[Data for the task]

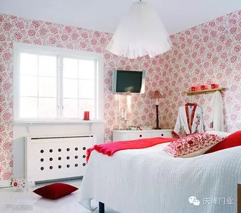 红色玫瑰在墙面上粲然绽放,成为卧室空间里的绝对亮点,为纯白的空间注入柔美烂漫的气息。有了这般抢眼的主题墙面设计,卧室中的家具和配饰就变得纯粹而简单起来,搭配白色的床,以及本白色调的木地板,演绎出一派纯美恬静的空间感觉。
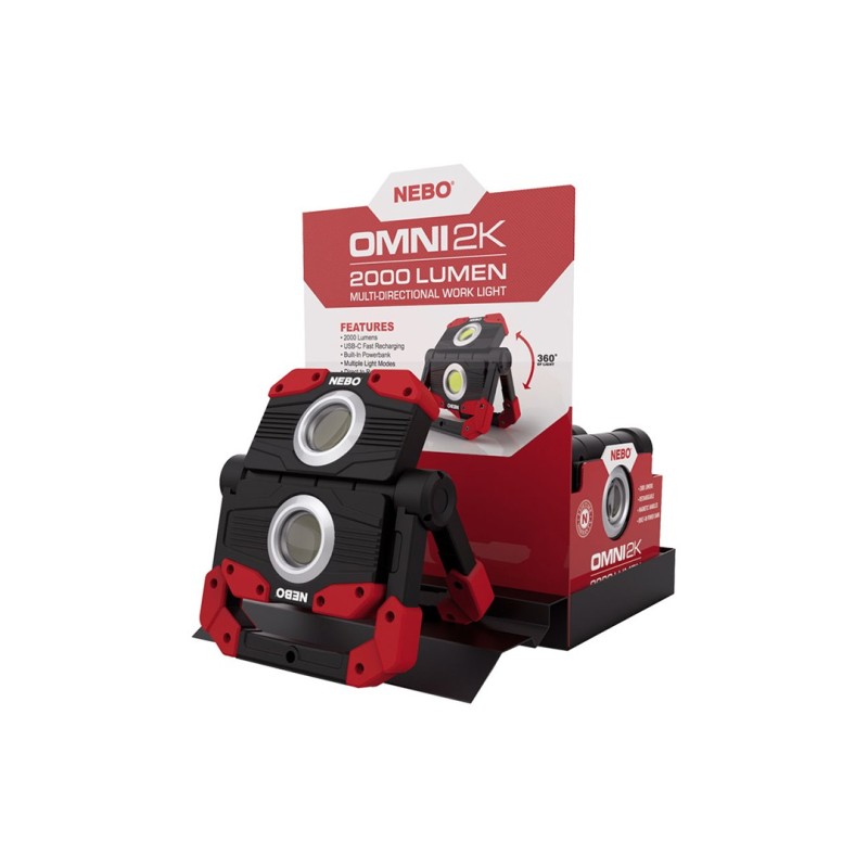 NEBO OMNI 2K ricaricabile 2000 Lumens Cob Led (C/DISPLAY) è una lampada da lavoro omnidirezionale che vanta una potente uscita Dual Cob da 2.000 Lumen con una funzione di segnalazione pericolo rossa.
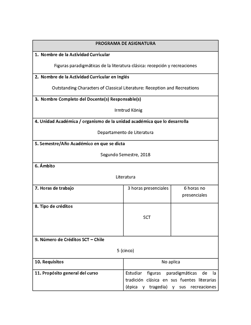 HISPLG005-1 Figuras paradigmáticas de la literatura clásica: recepción y reescritura 2018, Segundo Semestre
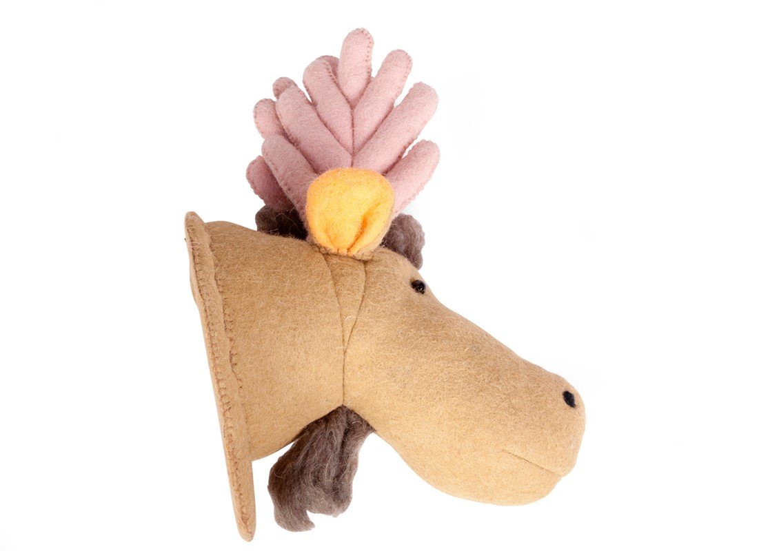 La cabeza de animal Esta decoración de pared con relleno suave tiene una espalda dura y es fácil de colgar en la pared. Este juguete es verdaderamente atractivo y hermoso para los pequeños amantes de los amimales.
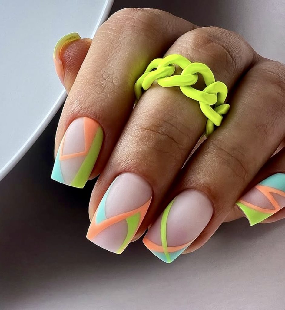 Go crazy with this vibrant, high-spirited animal skin design! Bright neon colors pink, yellow, orange, and electric blue are the base, whereas black spots are the contrasting color which makes it look very dramatic and fearless. These square nails of medium length are specifically meant for adventure like this: music festivals, rooftop parties, or simply when you want to express your inner wildness. Among the most tropical and bright styles you’ll spot on Trend 2025, these funky jewelry and color block outfits are excellent partners.
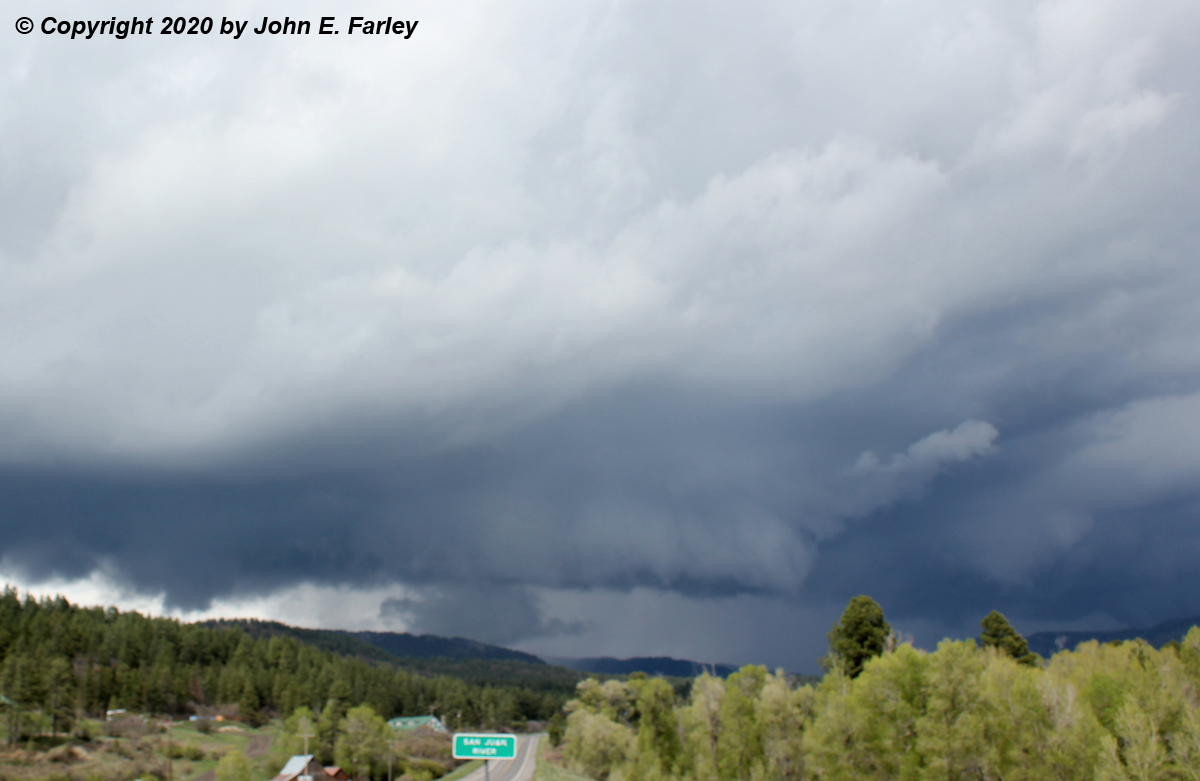 As I got through Pagosa Springs and closer to the storm heading northeast on U.S. 160, I could see storm structure that suggested a pretty strong storm. Once you're out of town, cell service disappears quickly, so you have to rely on your eyes with no help from radar or the lightning tracker. But it was clear that this was a pretty strong storm, and not far out of town, around 3:40, I could see this lowered area which appeared to something of a shelf cloud/wall cloud hybrid:

[/Data for the task]

Assigned task »
Every record should be duplicated exactly, though any picture in it must be left out.

Result »
 红色玫瑰在墙面上粲然绽放,成为卧室空间里的绝对亮点,为纯白的空间注入柔美烂漫的气息。有了这般抢眼的主题墙面设计,卧室中的家具和配饰就变得纯粹而简单起来,搭配白色的床,以及本白色调的木地板,演绎出一派纯美恬静的空间感觉。
 NEBO OMNI 2K ricaricabile 2000 Lumens Cob Led (C/DISPLAY) è una lampada da lavoro omnidirezionale che vanta una potente uscita Dual Cob da 2.000 Lumen con una funzione di segnalazione pericolo rossa.
 HISPLG005-1 Figuras paradigmáticas de la literatura clásica: recepción y reescritura 2018, Segundo Semestre
 La cabeza de animal Esta decoración de pared con relleno suave tiene una espalda dura y es fácil de colgar en la pared. Este juguete es verdaderamente atractivo y hermoso para los pequeños amantes de los amimales.
 Go crazy with this vibrant, high-spirited animal skin design! Bright neon colors pink, yellow, orange, and electric blue are the base, whereas black spots are the contrasting color which makes it look very dramatic and fearless. These square nails of medium length are specifically meant for adventure like this: music festivals, rooftop parties, or simply when you want to express your inner wildness. Among the most tropical and bright styles you’ll spot on Trend 2025, these funky jewelry and color block outfits are excellent partners.
 As I got through Pagosa Springs and closer to the storm heading northeast on U.S. 160, I could see storm structure that suggested a pretty strong storm. Once you're out of town, cell service disappears quickly, so you have to rely on your eyes with no help from radar or the lightning tracker. But it was clear that this was a pretty strong storm, and not far out of town, around 3:40, I could see this lowered area which appeared to something of a shelf cloud/wall cloud hybrid:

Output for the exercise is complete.